Thirty-six of the 2,380 Republican delegates are black, according to the nonpartisan Joint Center for Political and Economic Studies.

That number marks a 78 percent decline from 2004, the lowest representation in 40 years and a huge deficit when compared to the 1,079 delegates at last week's Democratic National Convention, according to the think tank report.

Clarence McKee, a black Republican delegate, said he believes the party's pro-family message is one that would resonate well with the African-American community, but he said, "Historically, blacks have voted based on a blind loyalty to Democrats."

McKee, communications chairman for Florida's Broward County Republican Executive Committee, said, "We are the ones losing out in the game."

Polls show black voters heavily favor Democratic candidate Sen. Barack Obama -- with about 90 percent picking him over the Republican candidate, Sen. John McCain. But GOP candidates historically do not win much of the black vote. President Bush received 11 percent of the African-American vote when he ran against Sen. John Kerry in 2004.

McCain apparently isn't blind to the odds against him. After going over some of his outreach efforts, the senator from Arizona told Essence magazine, "But does that mean in my campaign I am going to get a majority of the African-American vote? Probably not.

"But what it does mean, what I've committed to, is assuring and promising all Americans whether they vote for me or not, I am going to be their president."

McKee said the black community has a problem "cutting the umbilical cord from the Democrats."

"There's a lot of peer pressure for blacks to stay with the Democrats," he said, noting that African-Americans often face ridicule when they align with Republicans.

Politics aside, some blacks have said they want to vote for Obama because it's historic to have an African-American in the race. Still, others said voting on the basis of skin color is further evidence of a racial divide. Read about how some black Republicans feel about the Obama candidacy

"It's been 45 years since Dr. King spoke about 'I Have a Dream,' " said Lenny McAllister, an African-American conservative blogger, referring to the Rev. Martin Luther King Jr.'s historic 1963 speech in Washington.

"One of the things he talked about was content of character, not the color of one's skin. It's when we're able to do that comfortably in an accepted fashion in America [is] when we'll be able to grow and move forward as a country and move past the wounds that we've had from race relations throughout the country."

The Obama campaign said the notion that black voters are supporting the Democrat solely on racial lines is "flat-out false."

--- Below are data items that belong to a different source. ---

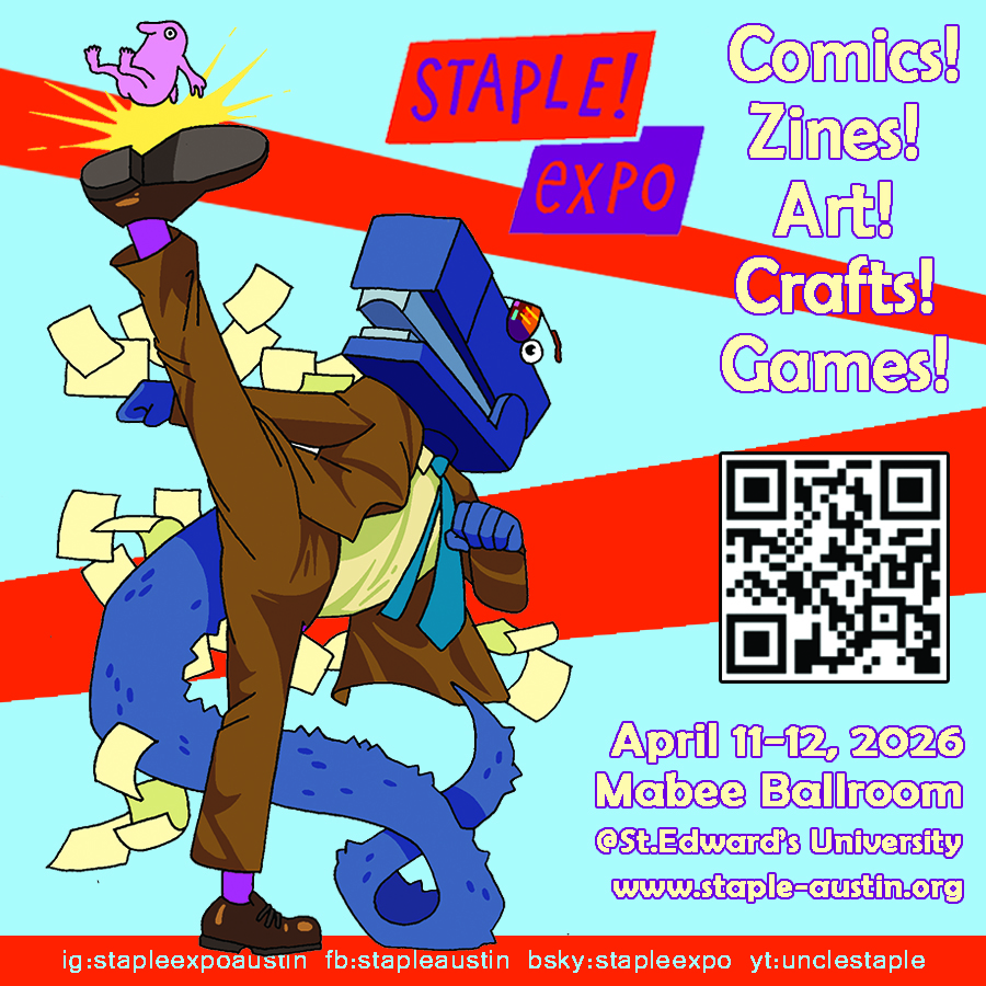 …as well as STAPLE! Expo on Sunday at the Mabee Ballroom at St. Edward’s University. I’ll be at table 39 with the ATX Comix Meetup Table crew!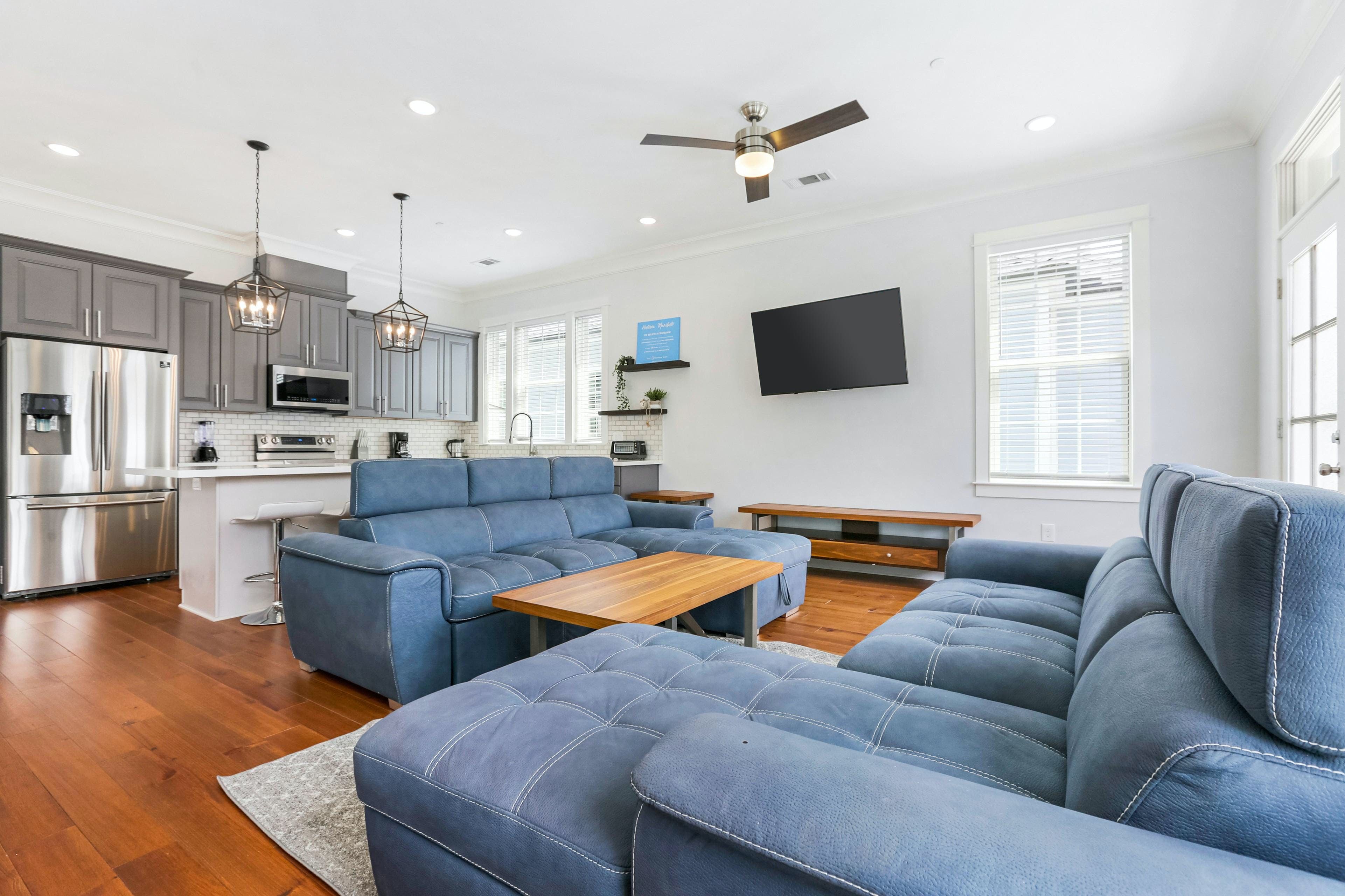 The living space is a great place to hang out between your adventures, with huge sofas and plenty of natural light. You can start each morning with a coffee at the breakfast bar, and the kitchen is well-equipped for you to whip up your favourite Cajun dishes. On sunny Louisiana days, head out to the shared swimming pool for a refreshing dip, before kicking back on a sun lounger with a good book. And, if you're feeling competitive, you can always challenge your guests to a game of giant chess outside in the courtyard.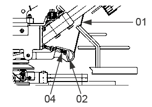 將調節刀片角度的鋼絲繩(右圖01位)從手柄管子凹槽部完全拉出,并且松開上面的螺母穿進撥叉槽孔內,擰上鎖緊螺母(右圖02位)。擰動調節手輪(右圖03位)保持鋼絲繩的適度松弛(手輪轉動一圈左右)撥叉在無負荷狀態(右圖04位)而且刀片處于水平(0℃傾斜)。

Obama has African-Americans' support because he is the better candidate, said campaign spokesman Corey Ealons.

"If you were watching last week the scene at Mile High stadium and saw the diversity of the crowd, you would have a greater appreciation for the broad support Obama has," he said, referring to the turnout for the Democratic nominee's acceptance speech at the Denver, Colorado, convention.

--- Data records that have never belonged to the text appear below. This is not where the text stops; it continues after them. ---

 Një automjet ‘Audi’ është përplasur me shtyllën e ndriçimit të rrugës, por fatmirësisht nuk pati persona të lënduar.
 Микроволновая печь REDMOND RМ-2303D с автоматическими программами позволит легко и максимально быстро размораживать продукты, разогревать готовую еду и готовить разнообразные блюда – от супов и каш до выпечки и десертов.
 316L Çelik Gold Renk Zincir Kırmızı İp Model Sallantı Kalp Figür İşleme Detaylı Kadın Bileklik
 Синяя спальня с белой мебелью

However, the GOP's lack of black support is not because of a lack of effort, according to officials with the Republican National Committee. The RNC has employed a full-time press secretary to work with African-American media. McCain and Republicans have worked to have a presence with the NAACP, the National Black Chamber of Commerce and other minority advocacy groups.

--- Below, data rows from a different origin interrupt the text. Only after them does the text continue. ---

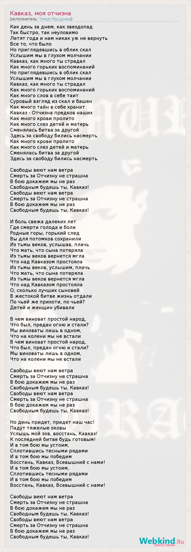 Как день за днем, как звездопад Так быстро, так неуловимо Летят года и нам никак уж не вернуть Все то, что было Но приглядевшись в облик скал Услышим мы в глухом молчании Кавказ, как много ты страдал Как много горьких воспоминаний Но приглядевшись в облик скал Услышим мы в глухом молчании Кавказ, как много ты страдал Как много горьких воспоминаний Как много слов в себе таит Суровый взгляд из скал и башен Как много тайн в себе хранит Кавказ - Отчизна предков наших Как много крови пролито Как много слез детей и матерь Сменялась битва за другой Здесь за свободу бились насмерть Как много крови пролито Как много слез детей и матерь Сменялась битва за другой Здесь за свободу бились насмерть Свободы веют нам ветра Смерть за Отчизну не страшна В бою докажем мы не раз Свободным будешь ты, Кавказ! Свободы веют нам ветра Смерть за Отчизну не страшна В бою докажем мы не раз Свободным будешь ты, Кавказ! И боль свежа далеких лет Где смерти голода и боли Родные горы, горький след Вы для потомков сохранили Из тьмы веков, услышав, плачь Что мать, что сына потеряла Из тьмы веков вернется мгла Что над Кавказом простояла Из тьмы веков, услышим, плачь Что мать, что сына потеряла Из тьмы веков вернется мгла Что над Кавказом простояла О, сколько лучших сыновей В жестокой битве жизнь отдали По чьей же прихоти, по чьей? Детей и женщин убивали В чем виноват простой народ, Что был, предан огню и стали? Мы виноваты лишь в одном, Что на колени мы не встали В чем виноват простой народ, Что был, предан огню и стали? Мы виноваты лишь в одном, Что на колени мы не встали Свободы веют нам ветра Смерть за Отчизну не страшна В бою докажем мы не раз Свободным будешь ты, Кавказ! Свободы веют нам ветра Смерть за Отчизну не страшна В бою докажем мы не раз Свободным будешь ты, Кавказ! Но день придет, придет наш час! Падут тяжелые оковы Услышь мой зов, восстань, Кавказ! К последней битве будь готовым! И в том бою мы устоим, Сплотившись тесными рядами И в том бою мы победим Восстань, Кавказ, Всевышний с нами! И в том бою мы устоим, Сплотившись тесными рядами И в том бою мы победим Восстань, Кавказ, Всевышний с нами! Свободы веют нам ветра Смерть за Отчизну не страшна В бою докажем мы не раз Свободным будешь ты, Кавказ! Свободы веют нам ветра Смерть за Отчизну не страшна В бою докажем мы не раз Свободным будешь ты, Кавказ!
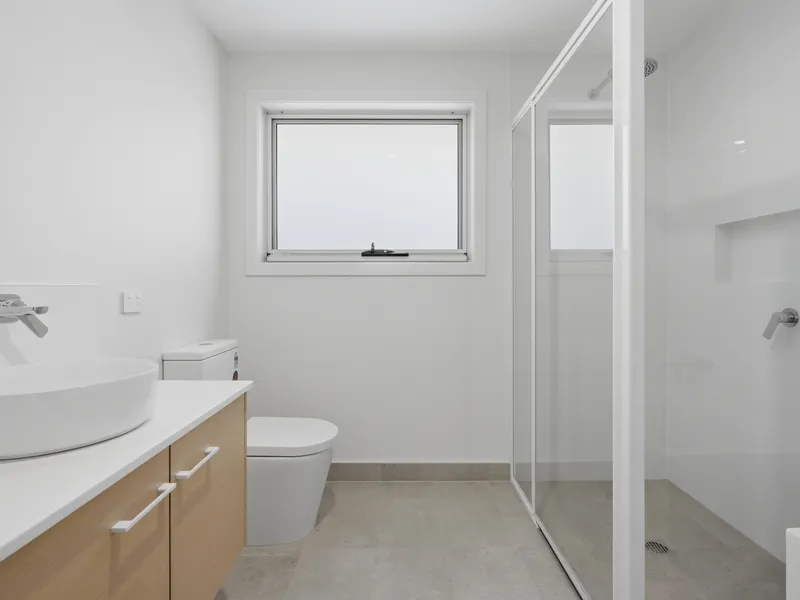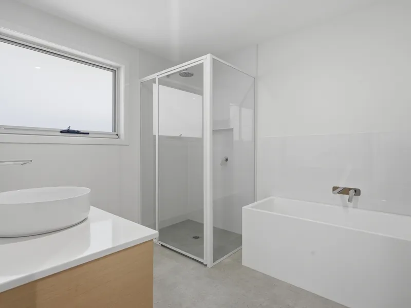 Inside, you’ll find two comfortable bedrooms, both with built-in robes and soft carpet underfoot. The main bedroom is a great size, giving you a bit of extra space to spread out. The bedrooms are positioned on either side of the main bathroom, which features a stylish freestanding bath, separate shower, and the bonus of a second toilet.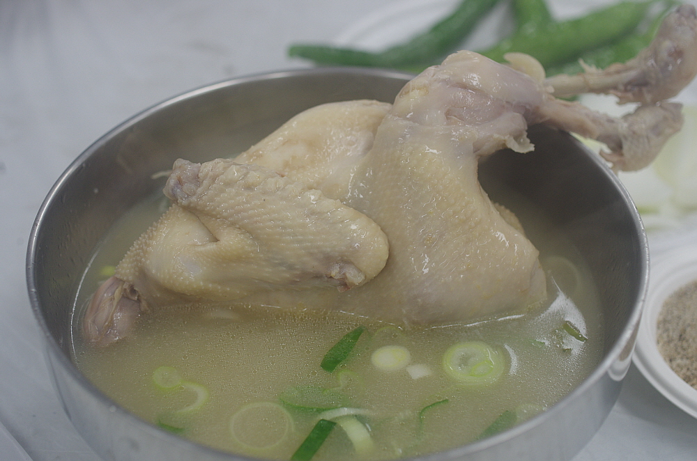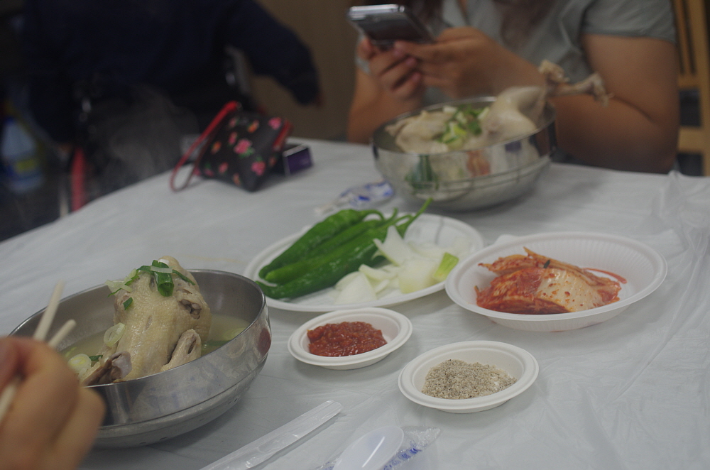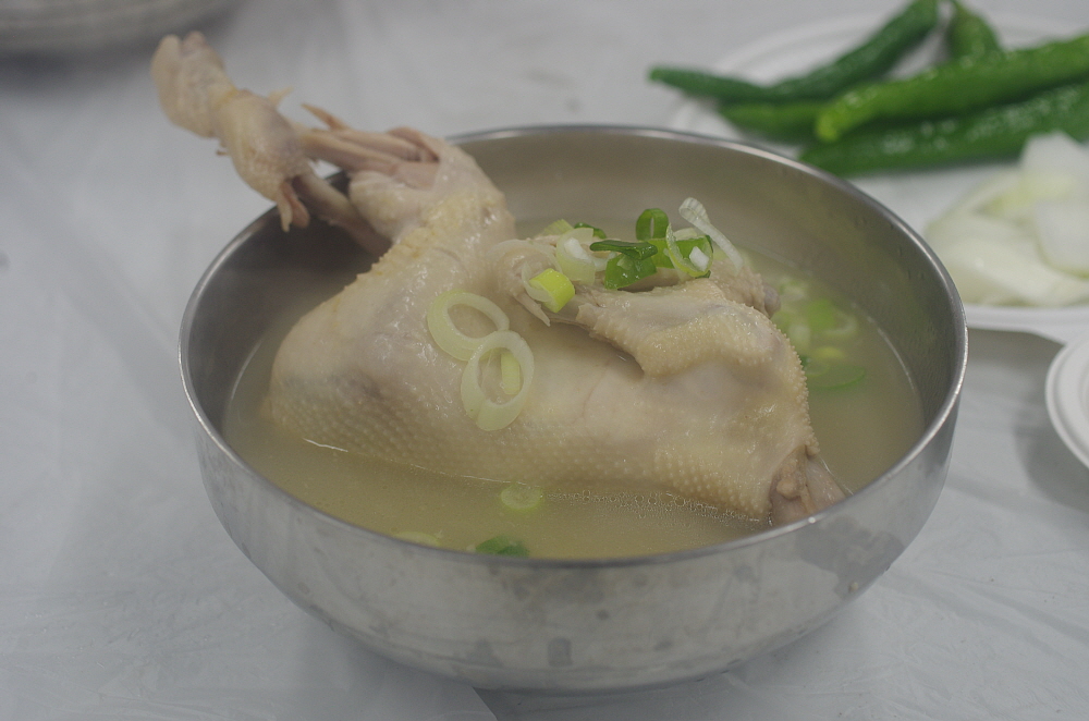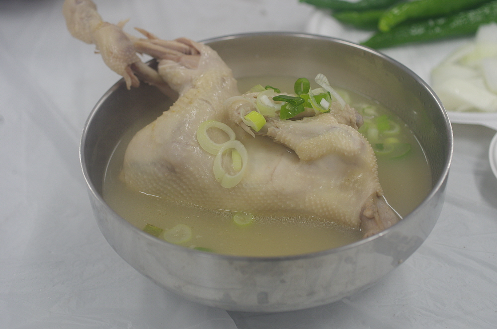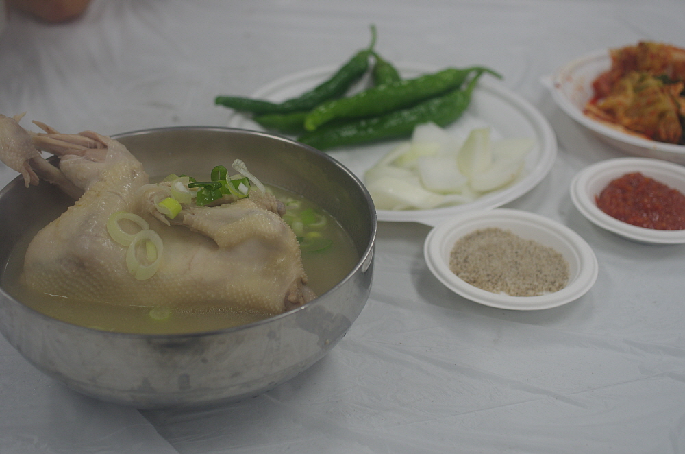 그런데 나온 닭고기를 보니 삼계탕이 아니라 닭백숙이었다. 보통 삼계탕은 인삼과 찰쌀을 닭 속에 넣고 끓여야 하는데 아마 사람도 많고, 손이 많이 가다보니 이렇게 그냥 닭만 끓인 모양이다. 그래도 작지 않은 닭 크기에 담백한 닭국물이 잘 어울리는 맛난 닭백숙이었다. 사실 삼계탕이 복날에 먹는 보양식이라고는 하지만 워낙 작은 닭을 사용하기 때문에 먹을 것은 별로 없다. 차라리 이렇게 덩치가 좀 있는 닭을 사용하여 고기도 먹고 국물도 먹고 나중에 밥도 말아 먹는 편이 더 현명한 일이지 모른다.

To make inroads with black voters, McKee said Republicans need to do three things: get African-Americans to vote on philosophy and principle, make sure those voters register and then showcase them to the community so they don't seem like such anomalies.

As how it feels to be a black delegate in a sea of white colleagues, McKee said it's nothing new to him.

"I always stand up for principle. We are used to being a minority," he said.